Входя в школьный вестибюль, я первым делом видела гордость и почерк Каяма — загадочную инсталляцию из зазубренных осколков песчаника на белой стене. Потом можно было пройтись по саду камней, где искусные цветы кидали искусные взоры из искусных трещин, но в тот день у меня не было времени. Я вошла в кабину лифта, зеркальную, с отшлифованным до блеска гранитным полом, и медленно поплыла вверх, на свой четвертый этаж.
У входа в классную комнату красовались два высоких контейнера, полные цветов и листьев. Я уже знала, что могу выбрать охапку материала — крупных веток, которые создадут основу композиции, и охапку акцента — мелких цветов и веточек, которые будут создавать, разумеется, акцент.

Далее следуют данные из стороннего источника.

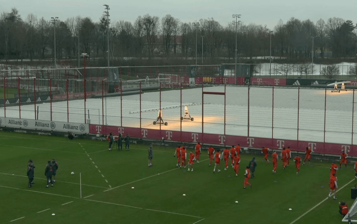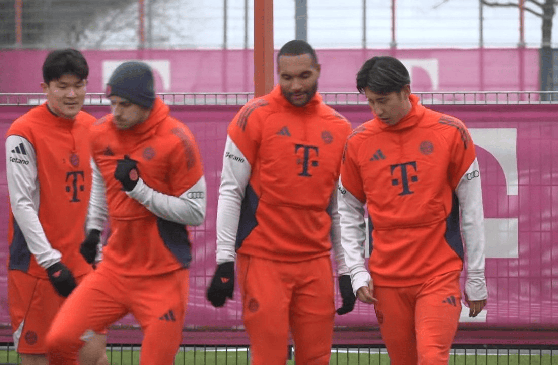 除凯恩因生病缺席外,拜仁今天的队内训练阵容完整

Мне достались несколько вишневых веток, кажется, последних, и парочка белых астр — можно было приступать. Около дюжины женщин уже склонились над двумя длинными рабочими столами, среди них и тетушка Норие с ветками логановой ягоды, и ее лучшая подруга Ёрико Ивата — похожие как две капли воды, — стройные, холеные домашние хозяйки лет пятидесяти, которым не дашь и сорока.
Обе подстрижены как юные пажи, обе в габардиновых свободных брюках, шелковых блузах с подвернутыми рукавами, обнажающими идеальные предплечья без единого волоска. Зачем им обеим понадобилось брить руки — или что там они со своими руками делали? — а также рядиться в шелка, совсем не подходящие для здешней работы, этого мне было не понять. Другое дело — мой хлопковый свитер с короткими рукавами и джинсы-клёш. Джинсы были куплены в бутике для тинейджеров в районе Хараюку и не имели ни малейшего шанса понравиться моей тете Норие, несмотря на свой очаровательный глубокий черный колер.
— А вот наконец и Рей-сан! — чирикнула Ёрико, которая знала меня достаточно, чтобы звать просто по имени.
Тетя Норие положила свои специальные, остро заточенные ножницы на стол и оглядела меня с ног до головы.
— Ты заблудилась? Вышла не на той станции?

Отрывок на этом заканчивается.